_Task:_ Could you give the records below again exactly, without the pictures?
::: Source data :::
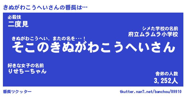 | 男性向けラノベタイトル風あだ名 | 『きぬがわこうへいの憂鬱』 |
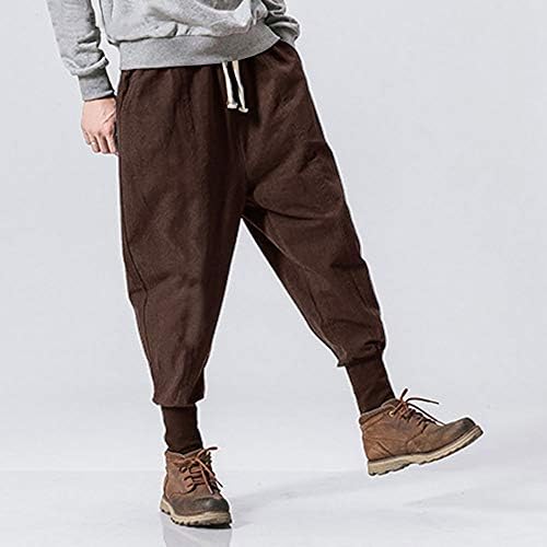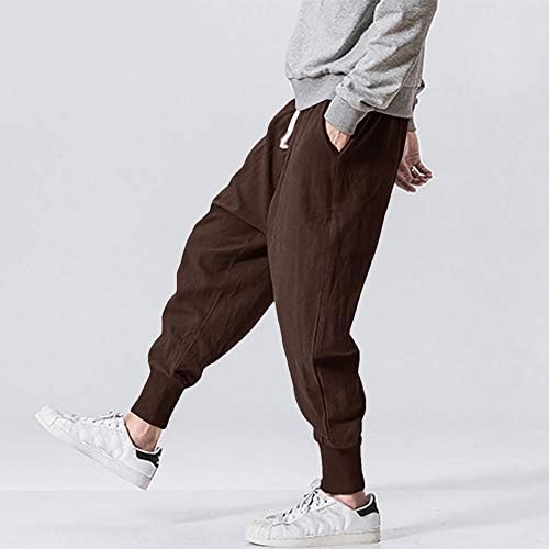 Pengfei Mens Cotton Linen Dishevelled Joggers Pants Elastic Waist Light-weight Sweatpants Summer season Pants
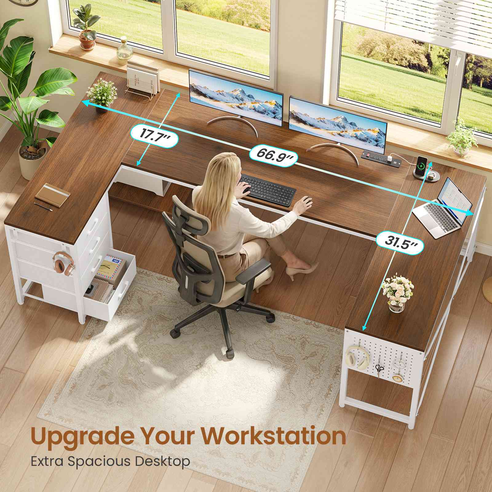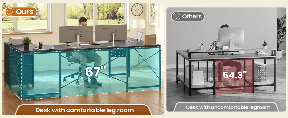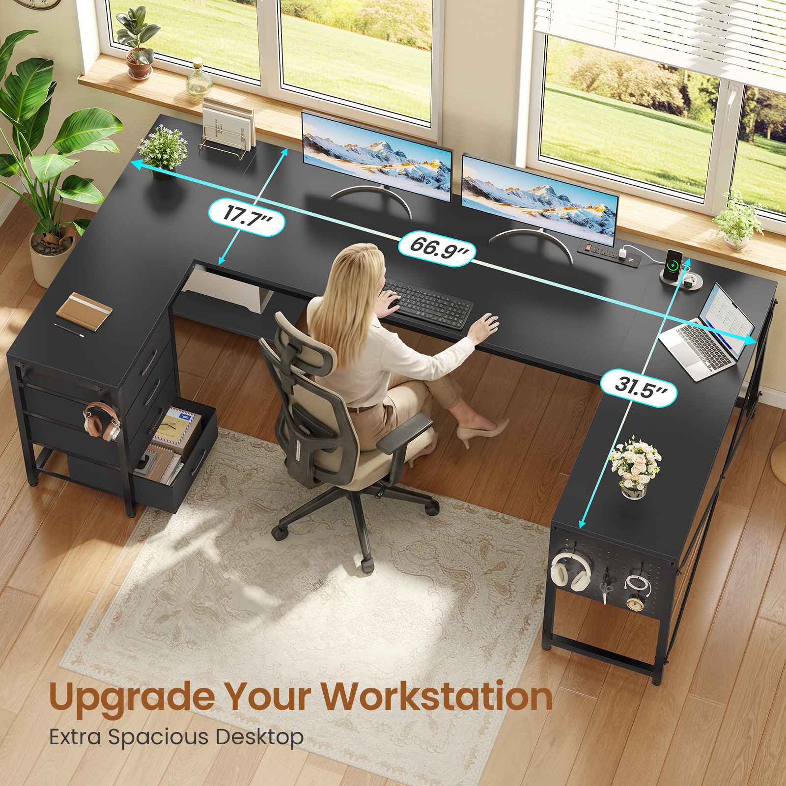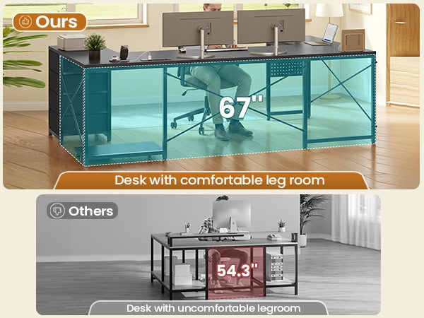 •【What You Get】 67" U shaped desk comes with 4 fabric drawers, pegboard, power outlet, CPU Stand, 2 L hooks, 4 S hooks. The u shape corner desk could hold 2-3 desktop computers and 1 notebook computer. An ideal computer desk for small rooms to create excellent home office space. Pegboard can be DIY and have more space to place your other items.
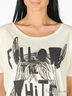 Трикотажная футболка с цельнокройными рукавами. На спине застежка на крючках. На полочке набивной рисунок.
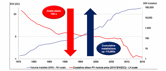 彭博新能源財(cái)還統(tǒng)計(jì)了多年來光伏發(fā)電的價(jià)格發(fā)展趨勢:15年來全球太陽能發(fā)電量已經(jīng)翻番了7次,2015年的太陽能發(fā)電成本已降至1970年代的1/150,而太陽能發(fā)電裝機(jī)總?cè)萘恳呀?jīng)達(dá)到1970年代的11.5萬倍,顯示了太陽能發(fā)展的規(guī)模效益。
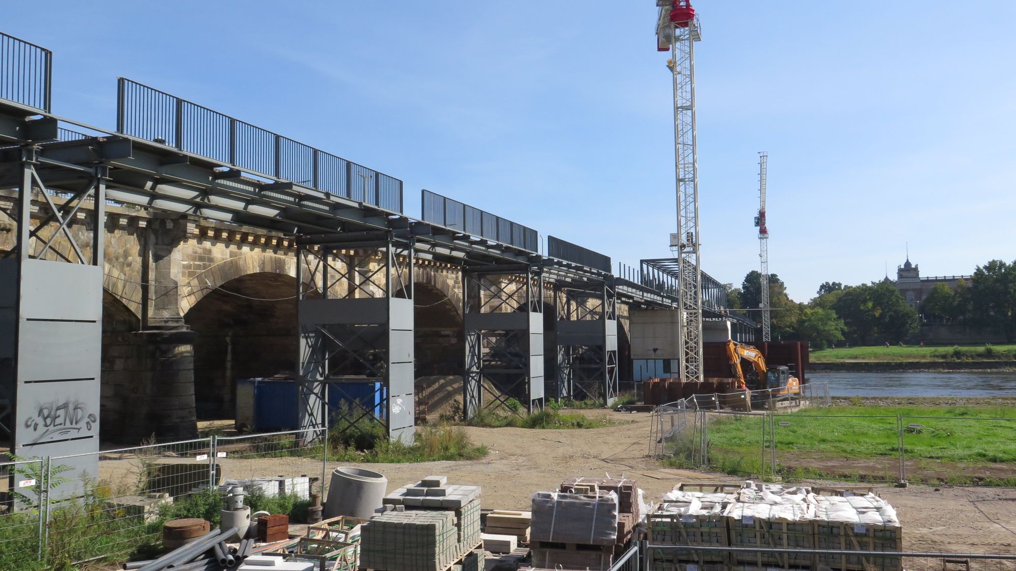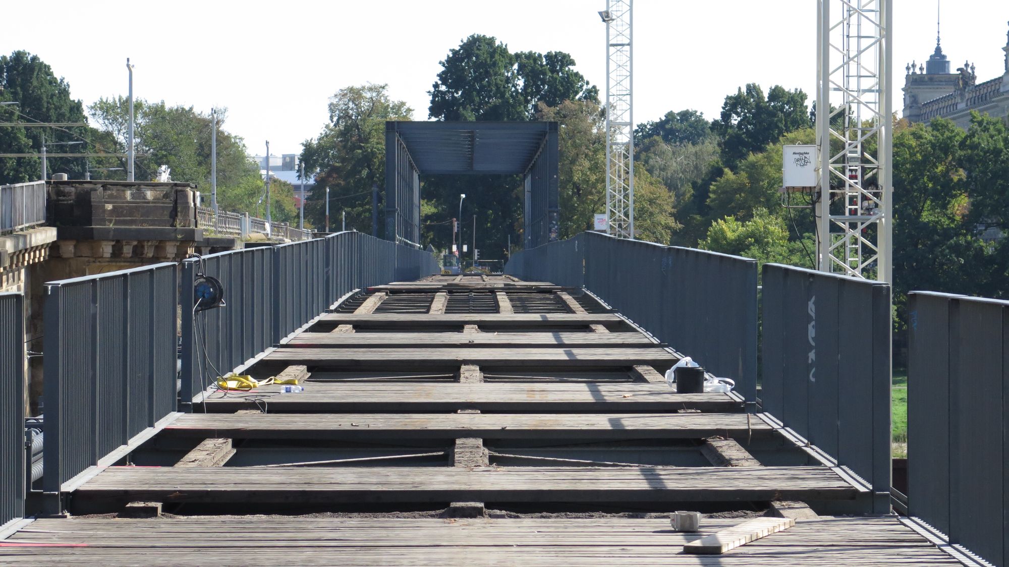 Schweißer demontiert die BehelfsbrückeSeit heute Morgen wird nun die Behelfsbrücke demontiert. Mit einem riesigen 1.500-Tonnen-Autokran wurde das Mittelstück abgehoben und ans Elbufer gelegt. Dort wird es derzeit mit dem Schweißbrenner demontiert. Die Demontage der Vorlandbrücken ist bereits abgeschlossen. Das verbleibende Randfeld über dem Uferbereich der Altstädter Seite wird ab 12. Oktober demontiert. Der Rückbau der Leitwerke und Pfeiler in der Elbe erfolgt bis Februar 2016.
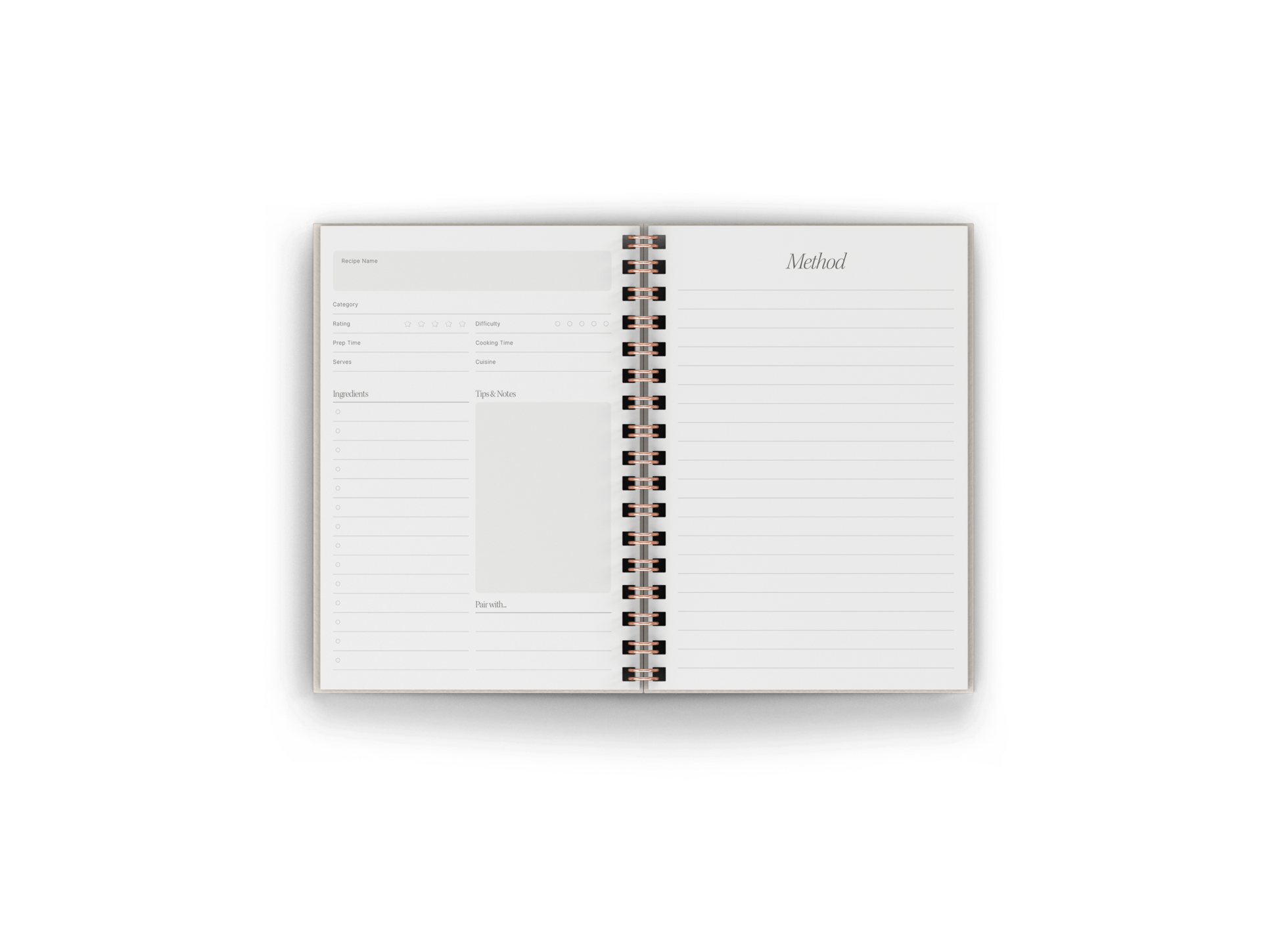 • Comprehensive Recipe Logs: Record each of your favourite recipes with dedicated sections for title, ingredients, instructions, preparation time, cooking time, servings, and personal ratings.
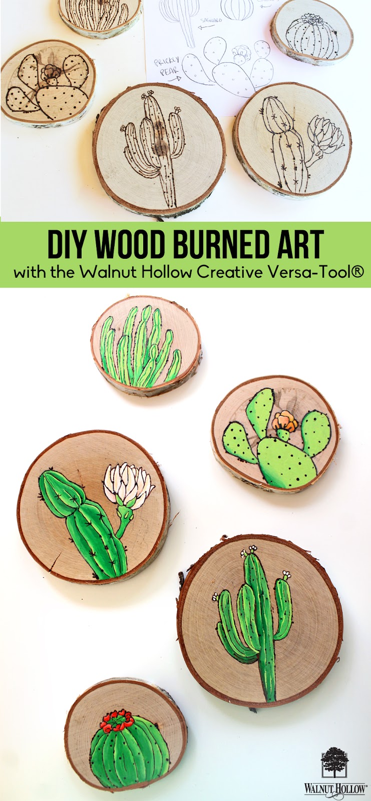 Hey Y'all, Today I am over on the Walnut Hollow blog sharing a few tips for doing wood burned illustrations, like these cactus above!
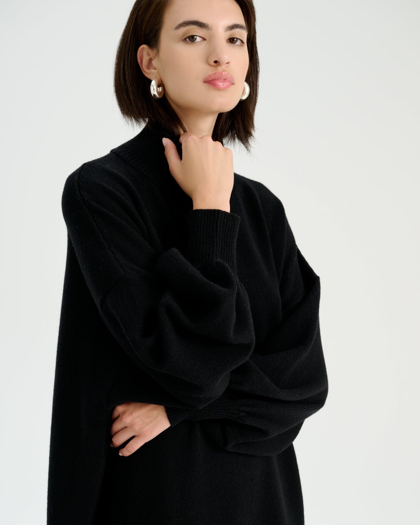 • voluminöse Ärmel mit einem schmalen, hohen Ärmelabschluss
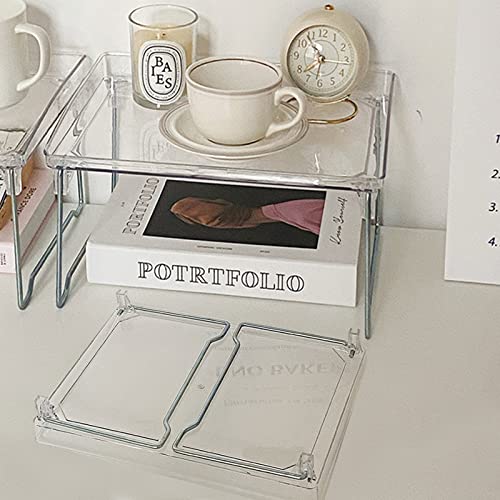 Jingzhan Organizzatore per Credenze, Mensole Porta Piatti Impilabili, Ripiano Salvaspazio Cucina, per Cucina, Bagno, Organizer per Trucchi, PET e Metallo, Trasparente e Cromato
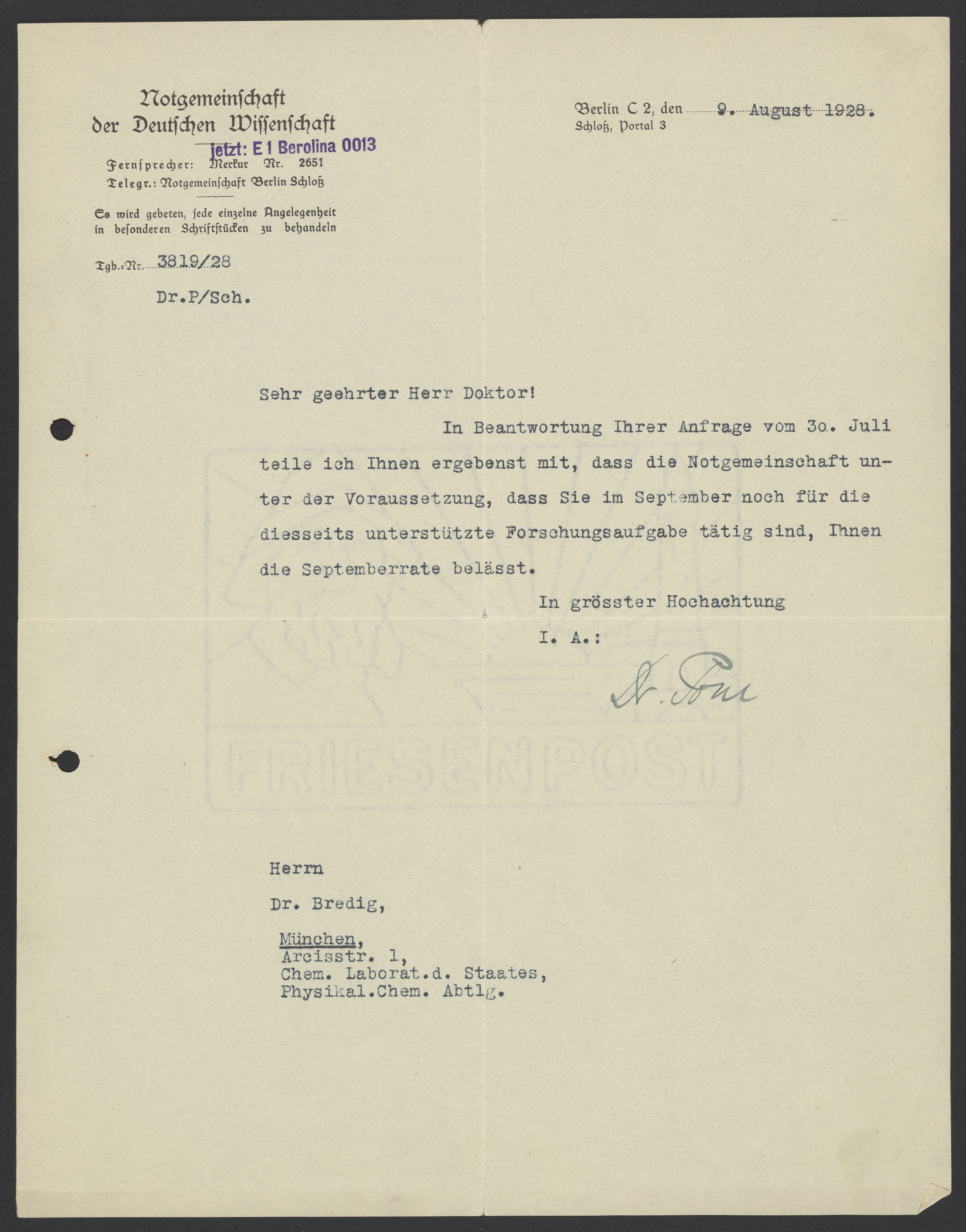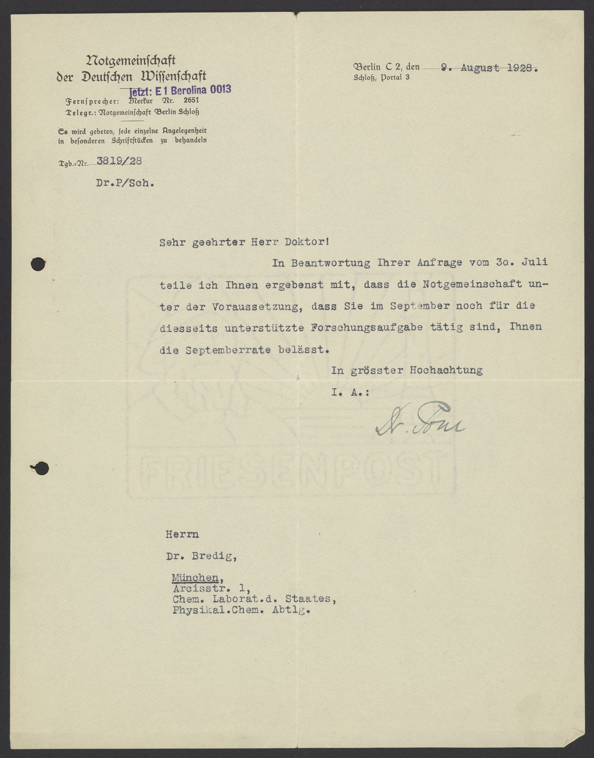 Letter from Robert Wichard Pohl to Max Bredig, August 9, 1928
:::
_Task response:_
 | 男性向けラノベタイトル風あだ名 | 『きぬがわこうへいの憂鬱』 |
 Pengfei Mens Cotton Linen Dishevelled Joggers Pants Elastic Waist Light-weight Sweatpants Summer season Pants
 •【What You Get】 67" U shaped desk comes with 4 fabric drawers, pegboard, power outlet, CPU Stand, 2 L hooks, 4 S hooks. The u shape corner desk could hold 2-3 desktop computers and 1 notebook computer. An ideal computer desk for small rooms to create excellent home office space. Pegboard can be DIY and have more space to place your other items.
 Трикотажная футболка с цельнокройными рукавами. На спине застежка на крючках. На полочке набивной рисунок.
 彭博新能源財(cái)還統(tǒng)計(jì)了多年來光伏發(fā)電的價(jià)格發(fā)展趨勢:15年來全球太陽能發(fā)電量已經(jīng)翻番了7次,2015年的太陽能發(fā)電成本已降至1970年代的1/150,而太陽能發(fā)電裝機(jī)總?cè)萘恳呀?jīng)達(dá)到1970年代的11.5萬倍,顯示了太陽能發(fā)展的規(guī)模效益。
 Schweißer demontiert die BehelfsbrückeSeit heute Morgen wird nun die Behelfsbrücke demontiert. Mit einem riesigen 1.500-Tonnen-Autokran wurde das Mittelstück abgehoben und ans Elbufer gelegt. Dort wird es derzeit mit dem Schweißbrenner demontiert. Die Demontage der Vorlandbrücken ist bereits abgeschlossen. Das verbleibende Randfeld über dem Uferbereich der Altstädter Seite wird ab 12. Oktober demontiert. Der Rückbau der Leitwerke und Pfeiler in der Elbe erfolgt bis Februar 2016.
 • Comprehensive Recipe Logs: Record each of your favourite recipes with dedicated sections for title, ingredients, instructions, preparation time, cooking time, servings, and personal ratings.
 Hey Y'all, Today I am over on the Walnut Hollow blog sharing a few tips for doing wood burned illustrations, like these cactus above!
 • voluminöse Ärmel mit einem schmalen, hohen Ärmelabschluss
 Jingzhan Organizzatore per Credenze, Mensole Porta Piatti Impilabili, Ripiano Salvaspazio Cucina, per Cucina, Bagno, Organizer per Trucchi, PET e Metallo, Trasparente e Cromato
 Letter from Robert Wichard Pohl to Max Bredig, August 9, 1928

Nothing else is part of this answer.